Meigs JB, Nathan DM, Wilson PW, Cupples LA, Singer DE
Massachusetts General Hospital, Harvard Medical School, Boston
University School of Public Health, 02114, USA. jmeigs@xxxxxxxxxxxxxxxxxxx
BACKGROUND: Categorical definitions for glucose intolerance imply that
risk thresholds exist, but metabolic risk for type 2 diabetes mellitus
or cardiovascular disease may increase continuously as glucose
intolerance increases. OBJECTIVE: To examine the distributions of the
following metabolic risk factors across the spectrum of glucose
tolerance: overall and central obesity, hypertension, low levels of
high-density lipoprotein cholesterol, and increased triglyceride and
insulin levels. DESIGN: Cross-sectional analysis. SETTING: The
community-based Framingham Offspring Study. PARTICIPANTS: 2583 adults
without previously diagnosed diabetes.

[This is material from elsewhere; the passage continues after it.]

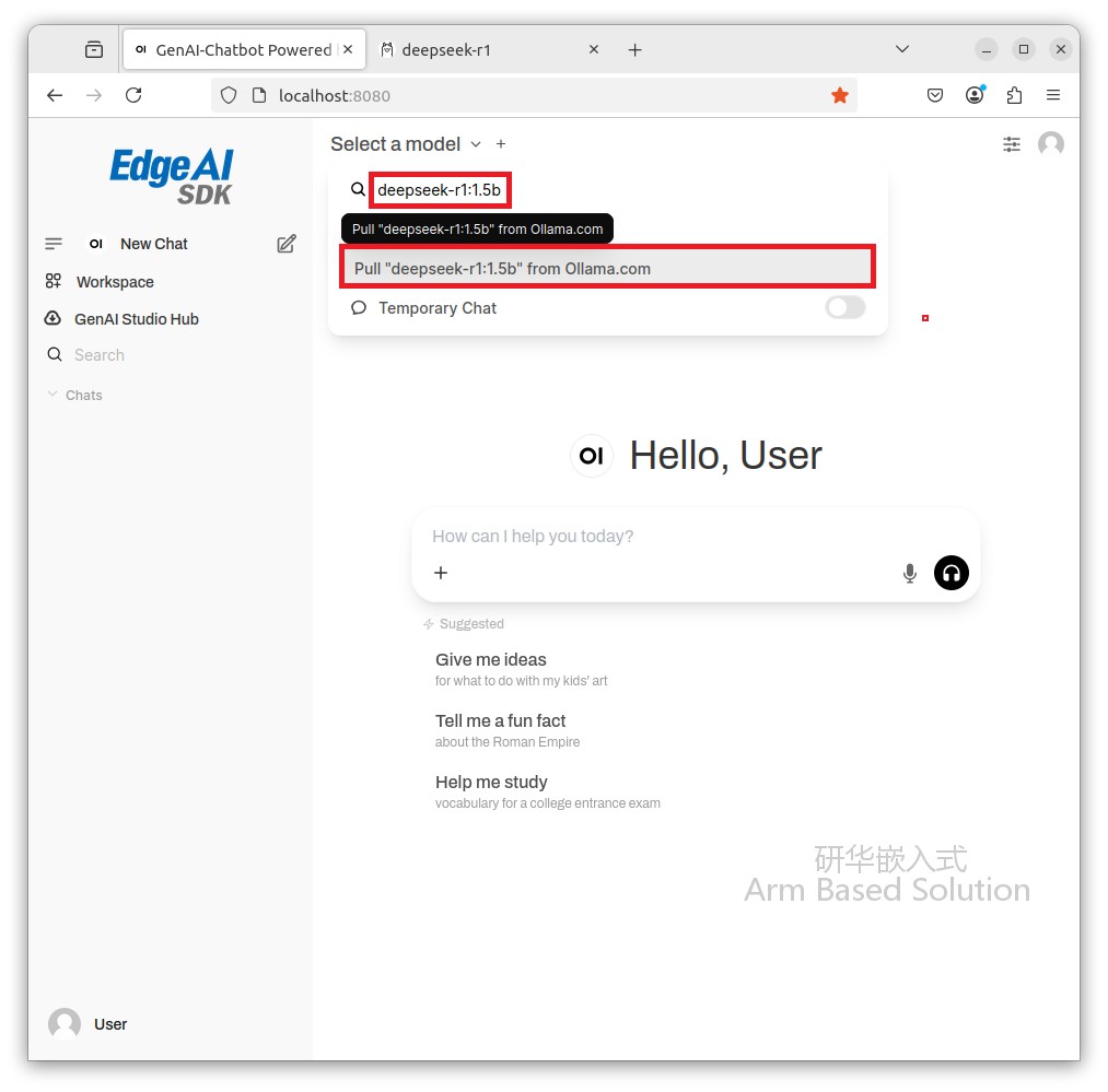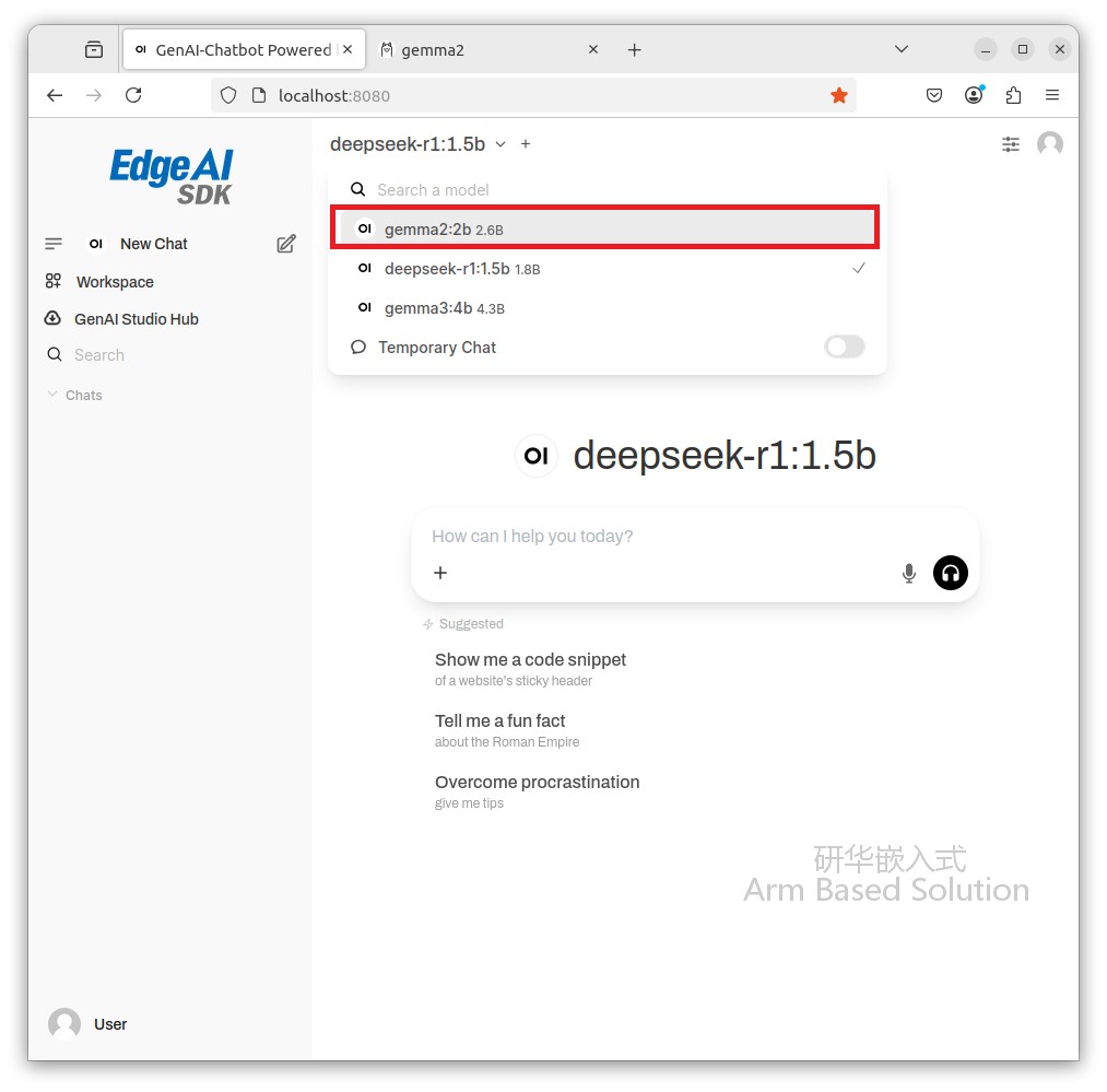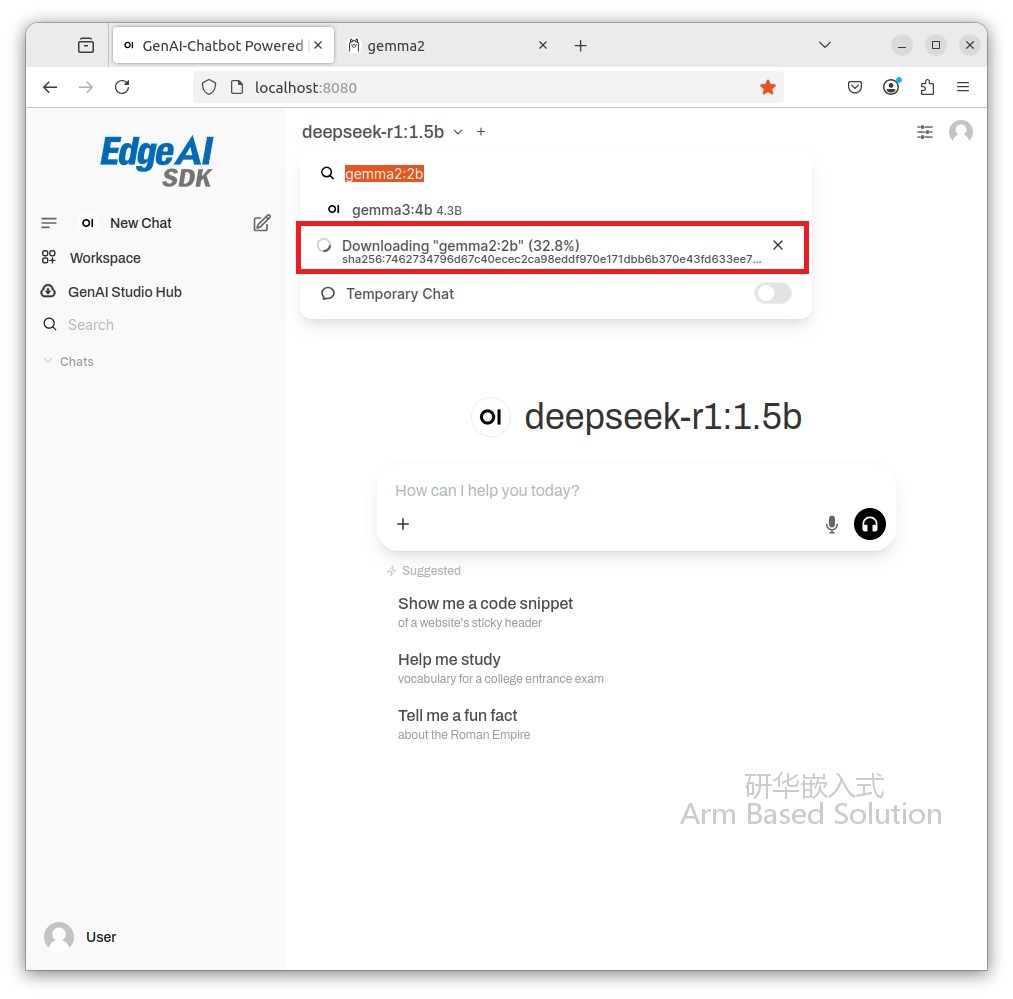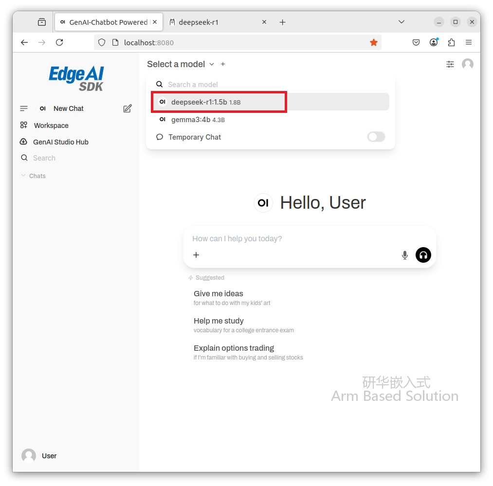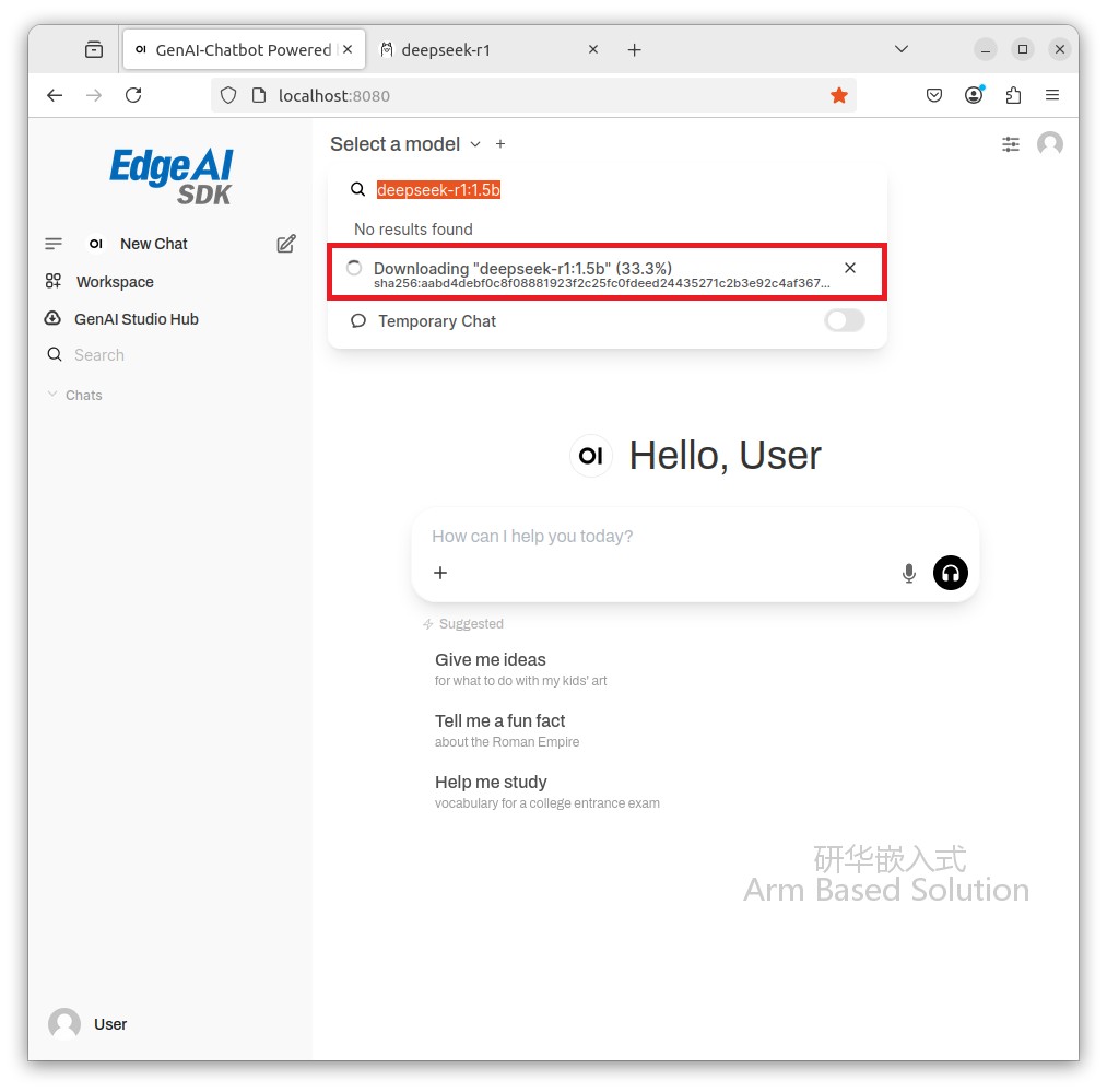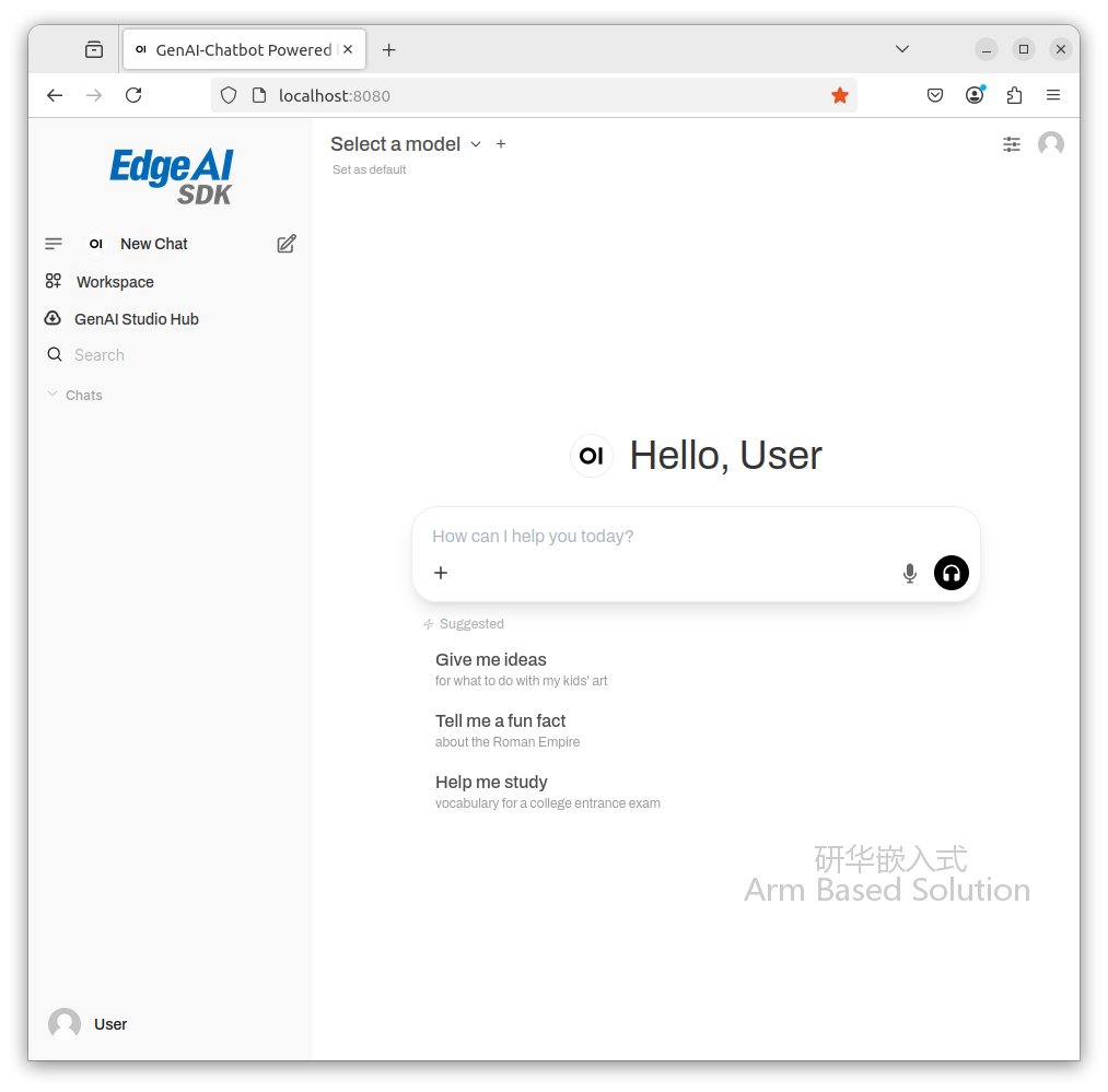 它将通过浏览器上的 EdgeAI SDK 页面启动 GenAI-Chatbot

MEASUREMENTS: Clinical data;
fasting glucose, insulin, and lipid levels; and glucose and insulin
levels taken 2 hours after oral challenge were collected from 1991 to
1993. Glucose tolerance was determined by 1980 World Health Organization
criteria. Patients with normal glucose tolerance were categorized into
quintiles of fasting glucose. The distributions of each metabolic risk
factor and the metabolic sum of the six risk factors were assessed
across seven categories from the lowest quintile of normal fasting
glucose level through impaired glucose tolerance and previously
undiagnosed diabetes. RESULTS: The mean age of patients was 54 years
(range, 26 to 82 years); 52.7% of patients were women. Glucose tolerance
testing found that 12.7% of patients had impaired glucose tolerance and
4.8% had previously undiagnosed diabetes. Multivariable-adjusted mean
measures of risk factors and odds ratios for obesity, elevated
waist-to-hip ratio, hypertension, low levels of high-density lipoprotein
cholesterol, elevated triglyceride levels, and hyperinsulinemia showed
continuous increases across the spectrum of nondiabetic glucose
tolerance. Although a threshold effect near the upper range of
nondiabetic glucose tolerance could not be ruled out for triglyceride
levels in men and for insulin levels 2 hours after oral challenge in men
and women, no other metabolic risk factors showed clear evidence of
thresholds for increased risk. CONCLUSIONS: Metabolic risk factors for
type 2 diabetes mellitus and for cardiovascular disease worsen
continuously across the spectrum of glucose tolerance categories,
beginning in the lowest quintiles of normal fasting glucose level.
This is consistent with VAT being pathological starting with the very
first ounce of it.
It is only when we are hungry that the body gets rid of VAT
Be hungry... be healthy... be blessed:
http://HeartMDPhD.com/PressRelease
Prayerfully in Jesus' awesome love,
Andrew <><
--
Andrew B. Chung, MD/PhD
Cardiologist
.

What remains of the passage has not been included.